This annual event gives the School Board a chance to meet with members of the General Assembly before the start of the legislative session January 13th in Richmond.
The December 4th meeting was attended by state senators Dick Black (13th District), Barbara Favola (31st District), Jill Vogel (27th District) and Jennifer Wexton (33rd District); delegates Tag Greason (32nd District), Dave LaRock (33rd District) and Randy Minchew (10th District); and delegates-elect Jennifer Boysko (86th District) and John Bell (87th District).
School Board Chairman Eric Hornberger said the breakfast gives the School Board a chance to clarify its legislative program and the legislators a chance to inform the School Board of legislation generated by the General Assembly this year that they think will affect LCPS.
Hornberger also thanked the legislative delegation for its past help.

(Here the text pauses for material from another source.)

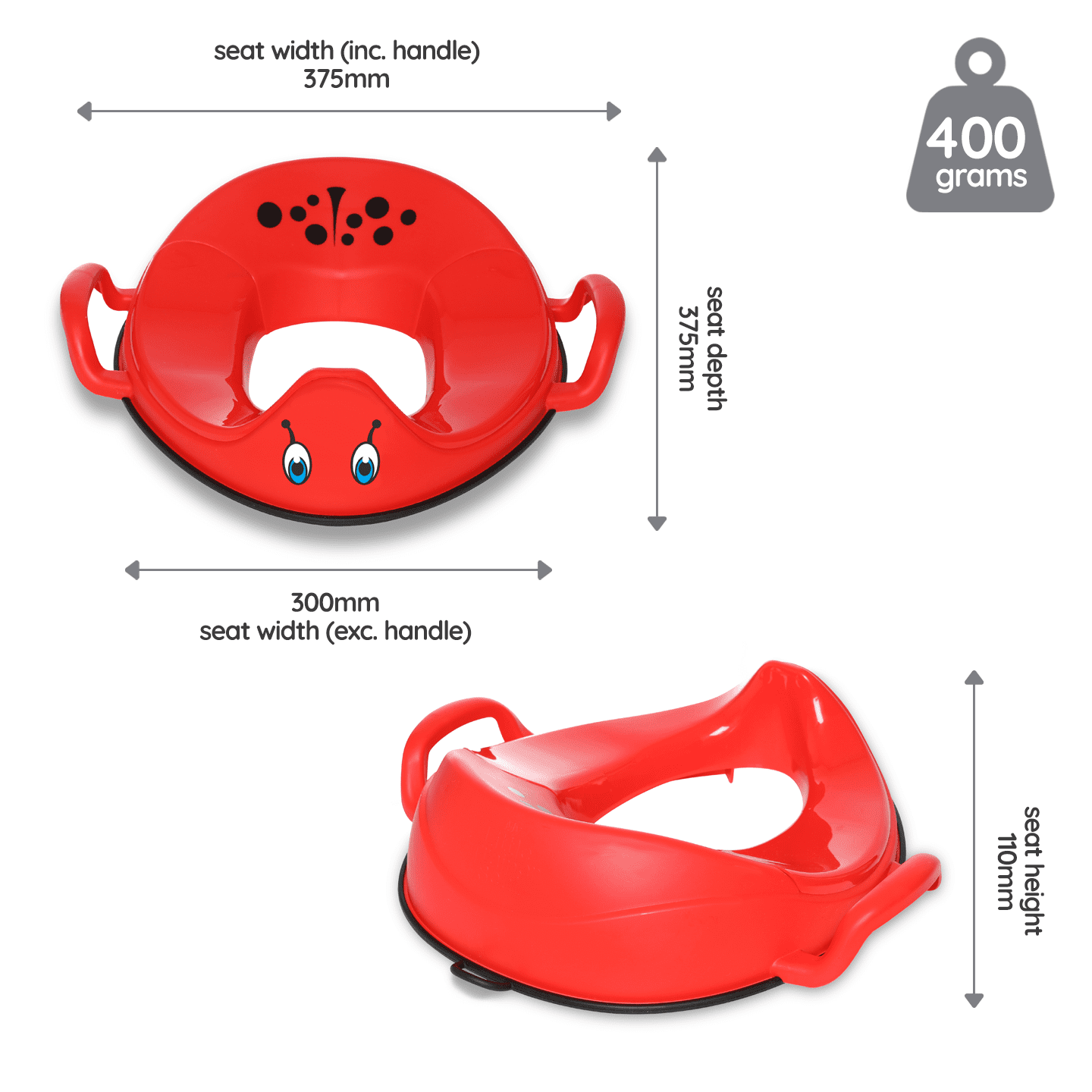 Prilagođeno je većini toaleta – wc školjki, s velikim udobnim sjedalom, dodatnom podrškom s leđa i ručkama za stabilnost, tako da se vaše dijete ispravno postavi na toalet, osjećajući se sigurno i udobno. Posjeduje visoki štitnik na prednjem dijelu kako bi se spriječilo prskanje.

“You have done a fantastic job in making sure that there are resources available to our local school division here and throughout the state to educate our children. Clearly, without the resources to educate our children on the state level…it would be increasingly difficult for us to provide a quality education that we all want for our children.”
Among the issues the School Board would like the legislative delegation to bring before the General Assembly are:
- Eliminate unfunded mandates;
- Fully fund quality education;
- Reduce state assessments;
- Support career and technical education;
- Adopt innovative assessment practices;
- Grant local control of the academic calendar;
- Recognize the cost of competing;
- Slow down the Virginia Retirement System (VRS) phase-in;
- Fund true costs of education;
- Protect unspent appropriations;
- Facilitate communication between local governing bodies;
- Remove unnecessary FOIA constraints;
- Provide FOIA relief;
- Eliminate land acquisition constraints.
For the complete 2016 School Board Legislative Program, please see the attachments.
Standards of Learning (SOL) reform and the implementation of full-day kindergarten in Loudoun were among the issues discussed over a period of two hours.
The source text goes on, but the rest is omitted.